This is often not the case. One reason is that when

debottlenecking is a issue there are a number of alternatives that needs to be evaluated. Questions like another well vs choking back high water cut wells vs topside modification makes the decision not obvious. Another reason for this is that an asset is set up with several other partners with different owner positions and these other oil companies might not have the same priorities on developing new technology and might not be interested to reduce their income from the field in order to test out new technology.

Assets are often only measured on cost budgets and oil production. They have seldom any incitements to try out new technology to the benefit of the whole oil company. From this perspective, they will sub optimize.

Our lesson is that the asset must come in very early, before defining the design basis for the technology development. Both so that you can verify that high specification components are required and that they get the right specification compared to what it cost to develop.
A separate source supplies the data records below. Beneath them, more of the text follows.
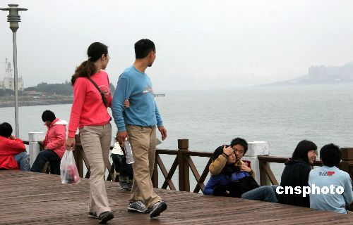 一月二十一日,一對(duì)夫婦從臺(tái)北淡水情人橋上走過,不約而同將視線轉(zhuǎn)向橋邊甜蜜相會(huì)的一對(duì)對(duì)情侶。淡水情人橋位于臺(tái)北淡水河入?诘臐O人碼頭,是觀海、休閑和情侶約會(huì)的好去處。中新社發(fā) 孫自法 攝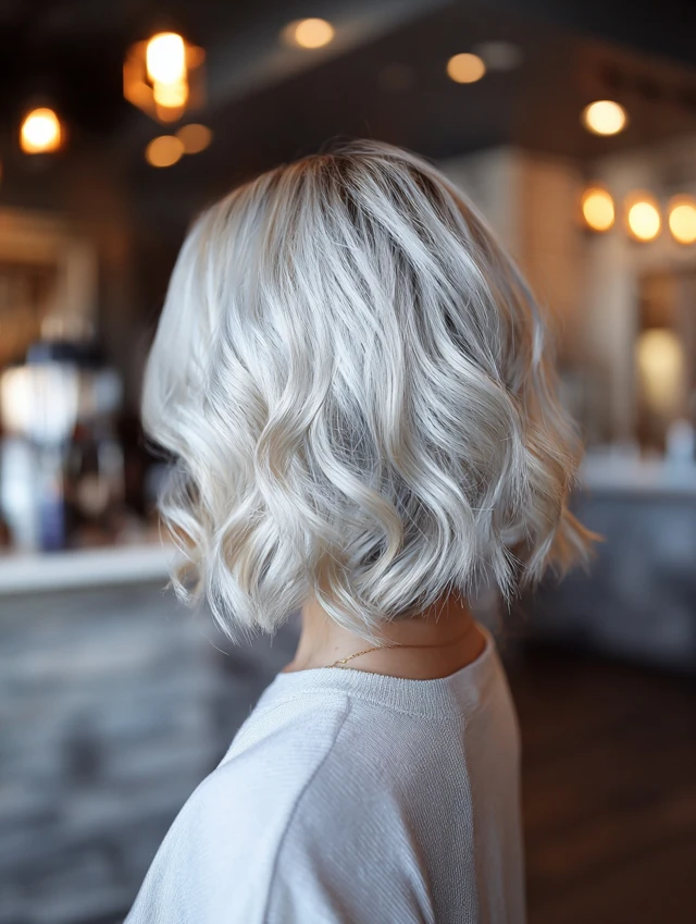 Loose waves add softness and feminine movement to the cut, complementing both short and longer bob lengths.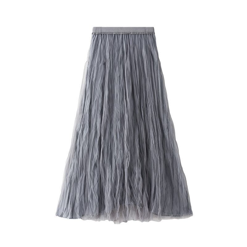 全4色 レディース リバーシブル チュール スカート ロング丈 ミモレ丈 メッシュ しわ加工 ウエストゴム Aライン 無地 ナチュラル シンプル カジュアル 春 秋 キレナチュ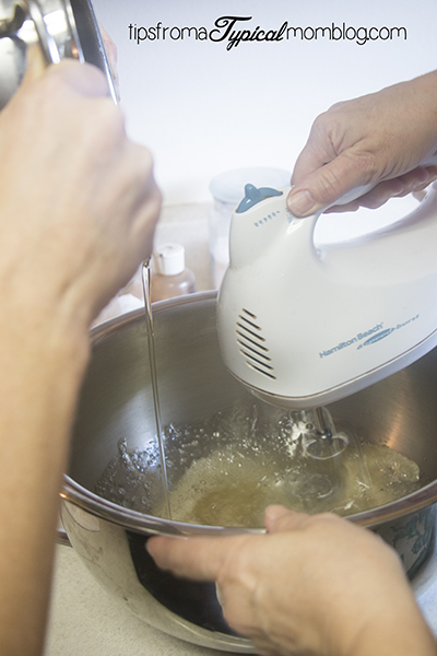 If you over cook it, just add a little bit of water to soften it up a bit. In a large stainless steel bowl (or the bowl of your stand mixture), add the gelatin mixture and turn on the beaters of a hand mixer (or the whisk on your stand mixer) and slowly pour the hot candy mixture into the gelatin. This is not a job for the kids! Whip until stiff, cool and very white and fluffy.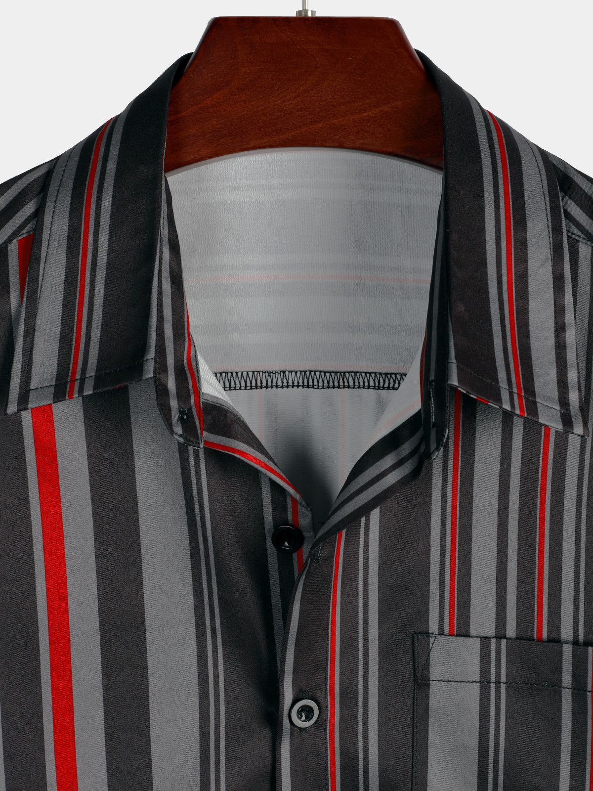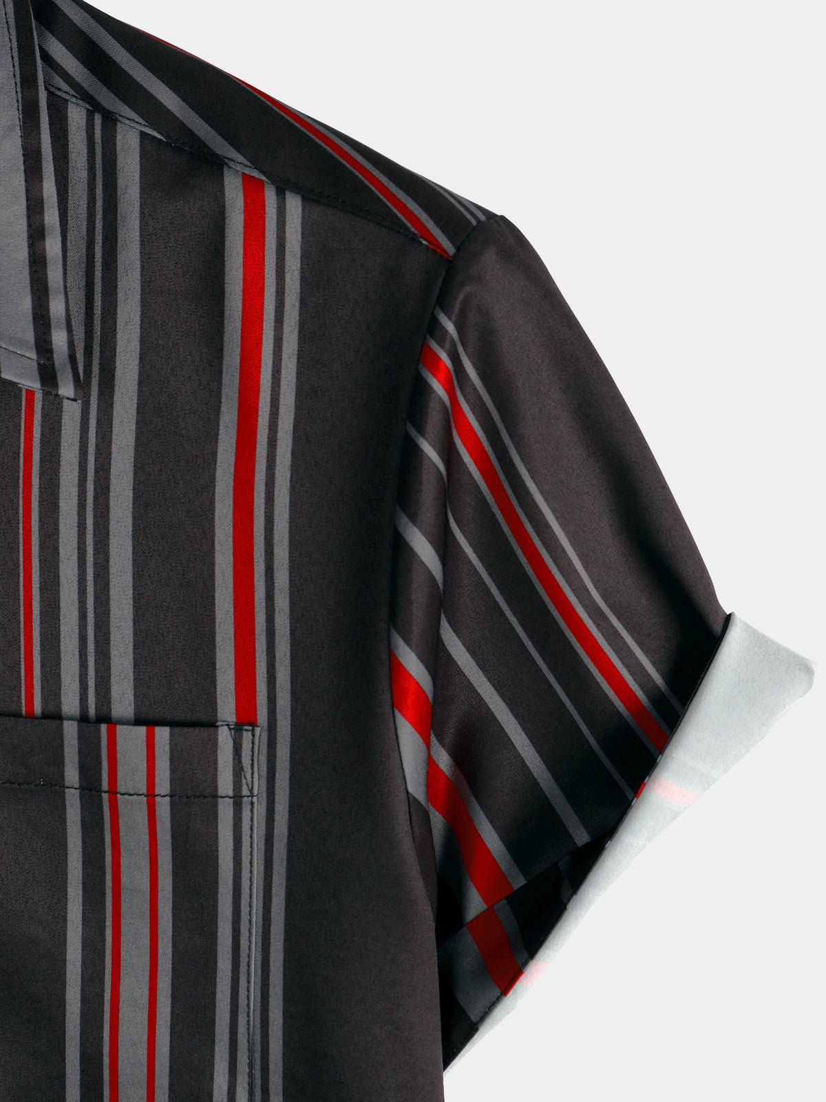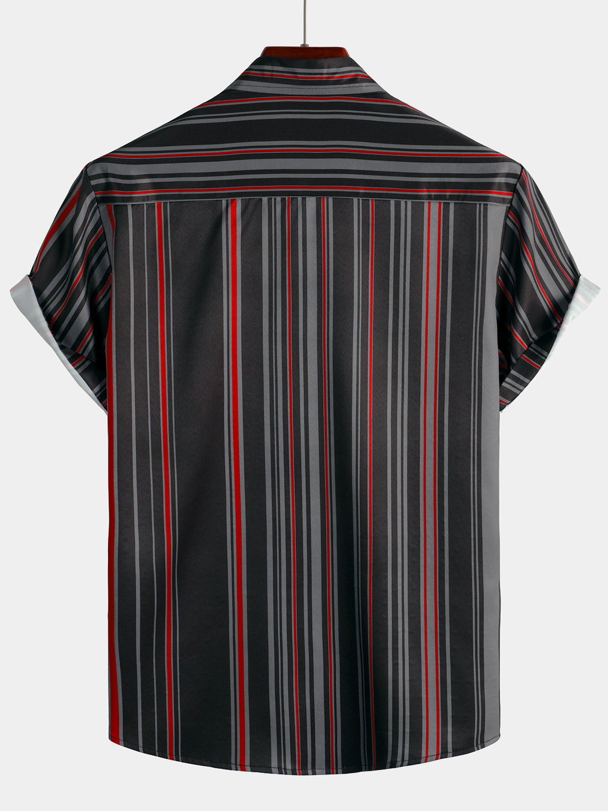 Men's Retro Black And Red Vertical Striped Pocket Vintage 70s Short Sleeve Shirt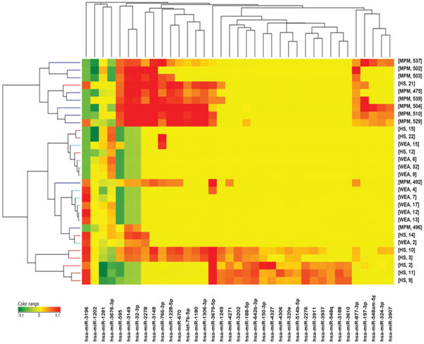 Among the 119 miRNAs expressed in MPM, 67 miRNAs were also detected in the control sample of HS. The remaining 52 miRNAs were expressed only in the MPM samples. In the WEA cohort 42 miRNAs were expressed, but none was expressed exclusively in this cohort. A total of 145 miRNAs were expressed in HS, i.e. 76 miRNAs were detected in this cohort only, whereas 27 were in common with MPM, 2 were in common with WEA and 40 were expressed in all the three groups of patients/subjects studied (Figure 2).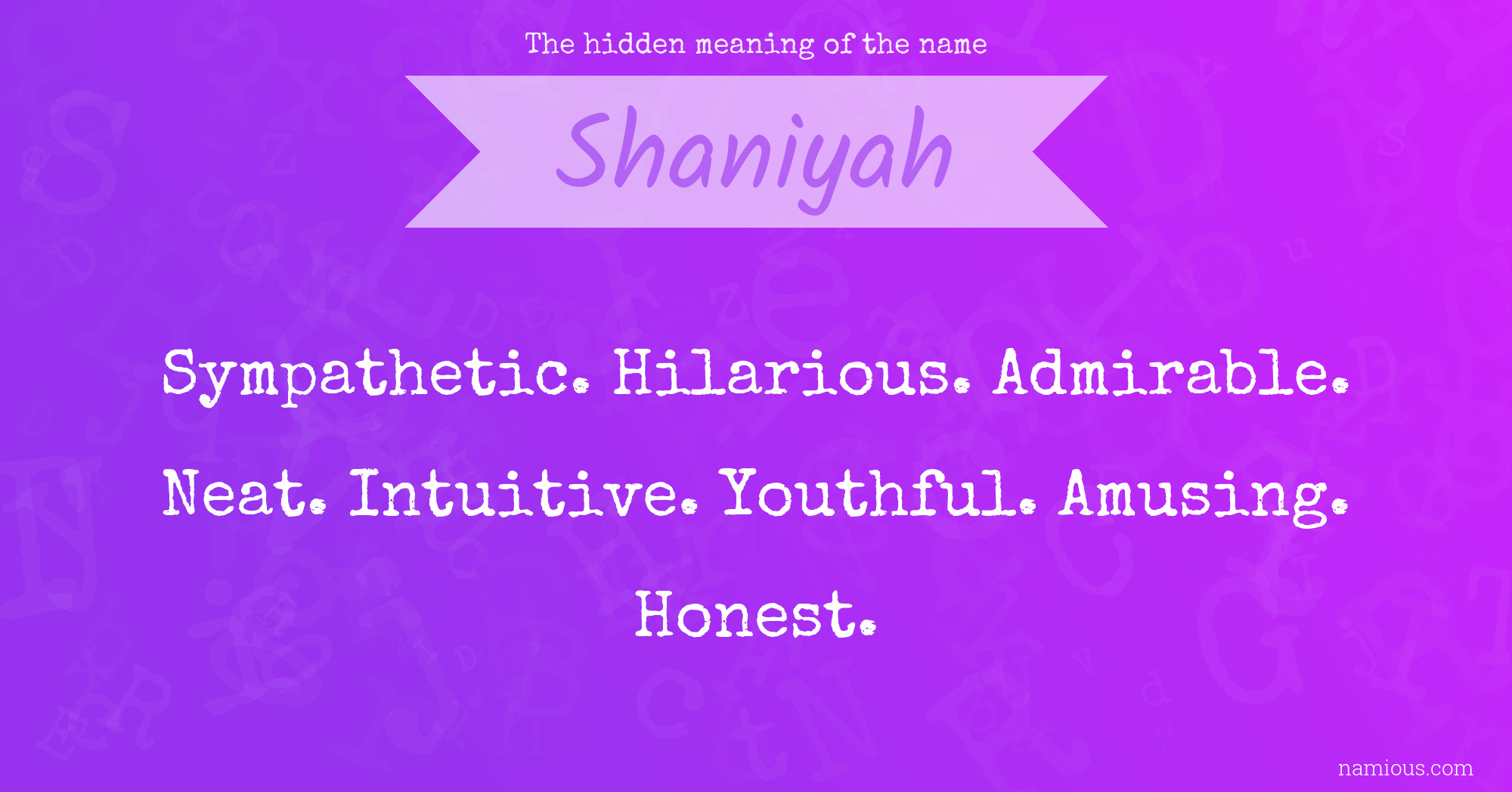 "Shaniyah is a sympathetic, hilarious, admirable, neat, intuitive, youthful, amusing and honest person."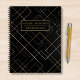 Dieses moderne Design besticht durch ein elegantes und stilvolles, gold lineares geometrisches Muster auf schwarzem Hintergrund. Personalisiert mit Ihrem Namen und zusätzlichen Texten, indem Sie den Text in den Textfeldern editieren, die in #notebooks #stationery #personalisiert #personalized stationery #Zuhause #office #work #school #gift #gift #gifts #geometric #personalized #personalized gifts #custom #customgifts #stockingstopers #masculine #feminine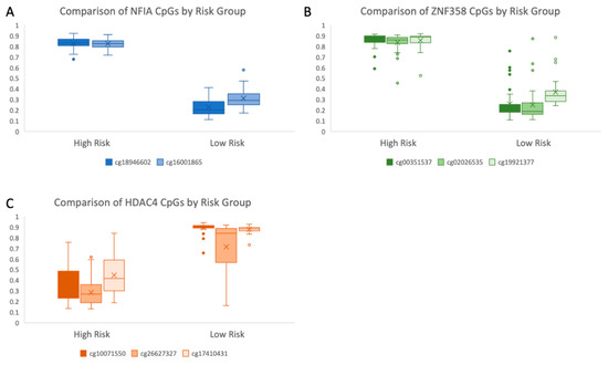 Box and whisker plots of average Beta values for all cases across selected highly differentially methylated probes, separated by high and low risk group, for (A) the NFIA gene (designated in blue and orange), (B) the ZNF358 gene (designated in blue, orange, and grey) (C) the HDAC4 gene (designated in blue, orange, and grey). Full list of differentially methylated probes for each of these genes available in Supplementary Tables S9, S11 and S13.

Another lesson is the definition of what is qualified is something each oil company has its own definition of. This is complicated when developing technolohy, as it is not known to what standard components should be tested against. Everybody understands that it is not possible to test each component according to each oil companies “standard”. In the SPC the process of harmonizing the four companies views on this issue has been very challenging and the result is very promising. One critical issue has been in the reliability of each component and system. Traditionally systems have a high failure rate the first few months before it stabilize at a low level before it increases again with ageing. In SPC we have made qualification, test and Quality Assurance procedures to make sure that with 98% certainty there will be no critical failures the first 2 years of operation (Maintenance Free Operating Periods). This is a new way of handling risk. Another aspect in the cooperation is how do two competitors like ABB & AkerKværner work in order to develop new technology. This part has worked very well. Once it is established what each company is responsible for and what should be done 100% jointly (like sand management), cooperation runs smoothly. There where some natural skepticism in the beginning when everybody is careful not giving information about core technology, but once trust was won, true cooperation spirit was achieved. Another pre requisite for the SPC cooperation was that all parties agreed to that the technology should belong to the industry and not be part owned by the oil companies. This applies for technology where ABB & AkerKværner already had established the fundamental technology which new solutions are based on.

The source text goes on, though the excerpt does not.